Drop the pictures and repeat the remaining data exactly.

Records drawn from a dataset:
::::

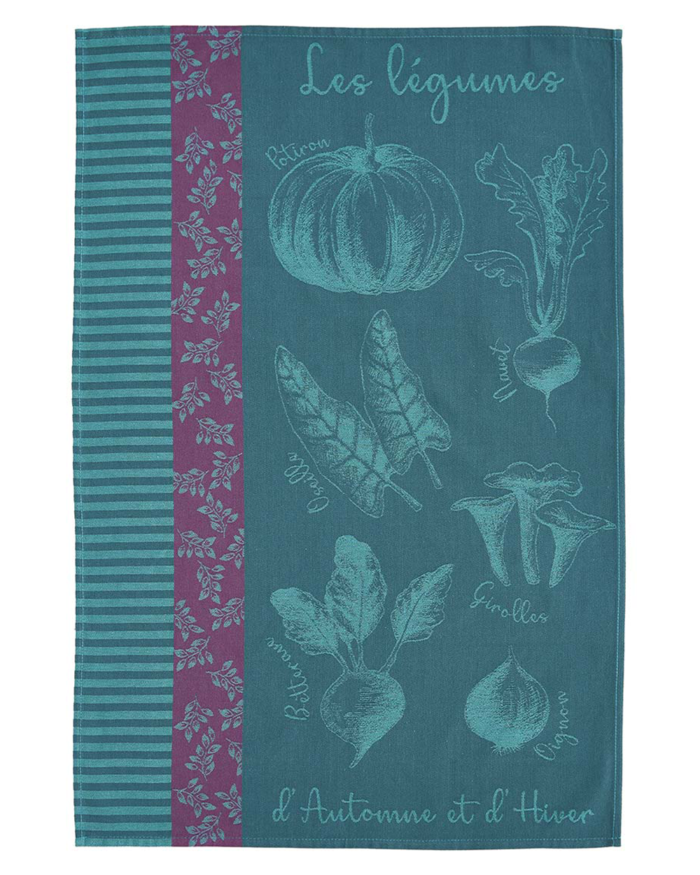 Das Geschirrtuch "Gemüsegarten" zelebriert die herbstlichen und winterlichen Schätze der Natur. Kürbis, Rote Bete und Pfifferlinge prägen diese kulinarische Komposition, die den Reichtum der Saison widerspiegelt. Vor einem tiefen, warmen Farbhintergrund entfalten sich die Zutaten in voller Pracht. Ein charmant rustikales Ensemble, das die Produkte der Erde, die Authentizität und die festliche Stimmung des Jahresendes ehrt..
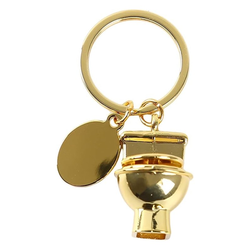 - Unique Keychain: This 1-piece golden toilet-shaped metal keychain is a creative and personality-packed accessory for your keys.
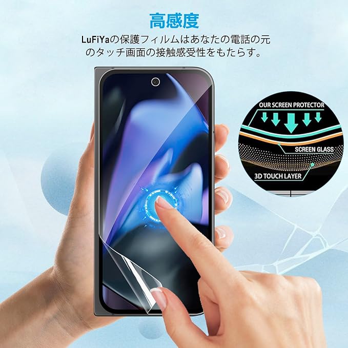 高感度&高透過率:クリア度の高いTPU素材を使用することでまるで何も貼っていないかのような透き通る美しさの液晶画面の状態でご使用いただけます。 耐久性のある特殊構造のTPU素材のフィルムが衝撃を緩和させあらゆる衝撃から端末の液晶画面をしっかり保護します
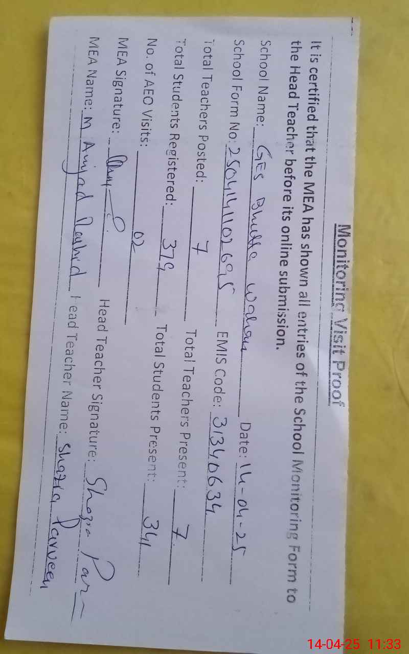 | EMIS Code: 31340634 | Name of School: GGES BHUTTA WAHAN | |||
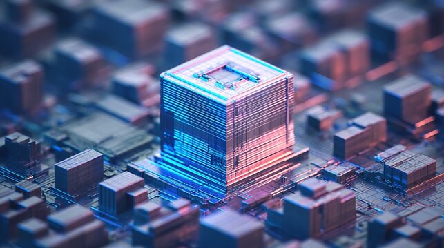 Abstract technological cityscape blue and pink
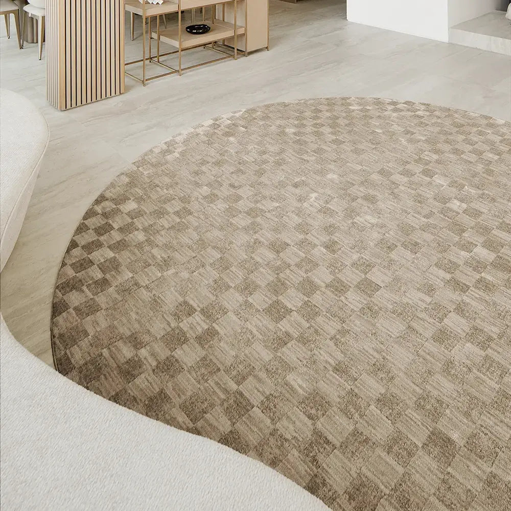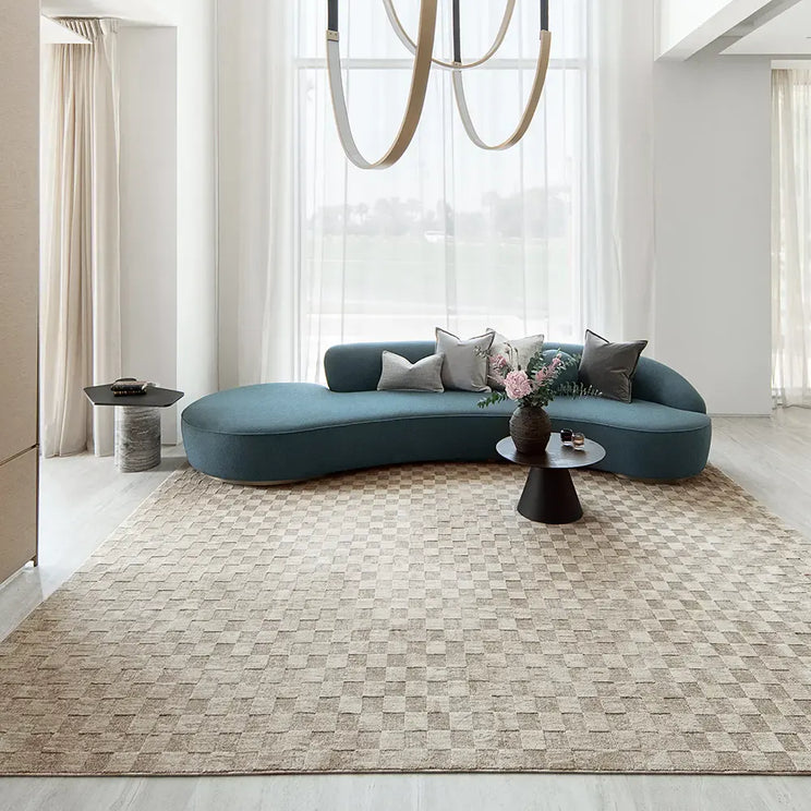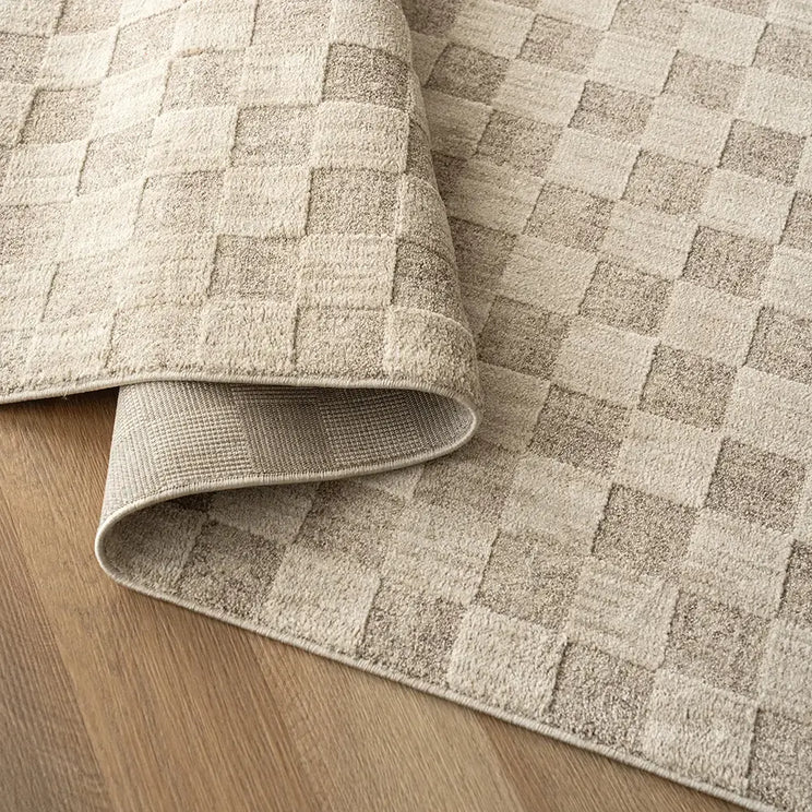 Checkmate: this geometric carpet will lend contemporary flair to your interior. In beige and taupe, the neutral carpet features a rectangular checkerboard design for an instant style refresh.

::::

- SOLUTION TO THE PROBLEM
 Das Geschirrtuch "Gemüsegarten" zelebriert die herbstlichen und winterlichen Schätze der Natur. Kürbis, Rote Bete und Pfifferlinge prägen diese kulinarische Komposition, die den Reichtum der Saison widerspiegelt. Vor einem tiefen, warmen Farbhintergrund entfalten sich die Zutaten in voller Pracht. Ein charmant rustikales Ensemble, das die Produkte der Erde, die Authentizität und die festliche Stimmung des Jahresendes ehrt..
 - Unique Keychain: This 1-piece golden toilet-shaped metal keychain is a creative and personality-packed accessory for your keys.
 高感度&高透過率:クリア度の高いTPU素材を使用することでまるで何も貼っていないかのような透き通る美しさの液晶画面の状態でご使用いただけます。 耐久性のある特殊構造のTPU素材のフィルムが衝撃を緩和させあらゆる衝撃から端末の液晶画面をしっかり保護します
 | EMIS Code: 31340634 | Name of School: GGES BHUTTA WAHAN | |||
 Abstract technological cityscape blue and pink
 Checkmate: this geometric carpet will lend contemporary flair to your interior. In beige and taupe, the neutral carpet features a rectangular checkerboard design for an instant style refresh.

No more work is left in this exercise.